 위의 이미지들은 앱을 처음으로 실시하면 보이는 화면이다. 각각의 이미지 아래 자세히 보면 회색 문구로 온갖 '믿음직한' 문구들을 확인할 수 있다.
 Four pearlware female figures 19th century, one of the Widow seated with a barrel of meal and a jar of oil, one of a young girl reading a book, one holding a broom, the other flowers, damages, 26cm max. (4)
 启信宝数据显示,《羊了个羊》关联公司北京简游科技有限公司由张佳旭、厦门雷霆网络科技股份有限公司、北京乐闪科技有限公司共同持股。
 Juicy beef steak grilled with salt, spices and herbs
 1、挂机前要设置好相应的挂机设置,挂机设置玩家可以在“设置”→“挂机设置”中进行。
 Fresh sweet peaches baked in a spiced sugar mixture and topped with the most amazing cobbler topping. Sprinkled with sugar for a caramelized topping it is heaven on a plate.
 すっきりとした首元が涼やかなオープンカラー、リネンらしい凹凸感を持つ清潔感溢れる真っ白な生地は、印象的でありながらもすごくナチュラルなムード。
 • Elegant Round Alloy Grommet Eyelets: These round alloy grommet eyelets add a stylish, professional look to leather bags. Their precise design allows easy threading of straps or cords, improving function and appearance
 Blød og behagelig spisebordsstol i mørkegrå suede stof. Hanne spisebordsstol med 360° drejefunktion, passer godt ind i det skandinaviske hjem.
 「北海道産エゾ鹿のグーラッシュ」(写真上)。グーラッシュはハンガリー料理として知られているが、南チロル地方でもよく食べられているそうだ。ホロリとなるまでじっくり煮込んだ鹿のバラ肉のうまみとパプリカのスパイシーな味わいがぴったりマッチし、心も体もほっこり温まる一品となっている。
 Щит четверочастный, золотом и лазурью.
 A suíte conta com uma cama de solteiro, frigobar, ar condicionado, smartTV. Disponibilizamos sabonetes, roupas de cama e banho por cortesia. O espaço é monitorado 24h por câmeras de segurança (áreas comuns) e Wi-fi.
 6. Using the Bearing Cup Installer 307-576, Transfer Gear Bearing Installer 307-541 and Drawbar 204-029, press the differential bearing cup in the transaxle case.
☆ ☆ ☆ ☆ ☆ ☆ ☆
* [ASSIGNMENT] Check each line of the data above, and please copy the ones in which the string "with" occurs.

* [SOLUTION]
 Four pearlware female figures 19th century, one of the Widow seated with a barrel of meal and a jar of oil, one of a young girl reading a book, one holding a broom, the other flowers, damages, 26cm max. (4)
 Juicy beef steak grilled with salt, spices and herbs
 Fresh sweet peaches baked in a spiced sugar mixture and topped with the most amazing cobbler topping. Sprinkled with sugar for a caramelized topping it is heaven on a plate.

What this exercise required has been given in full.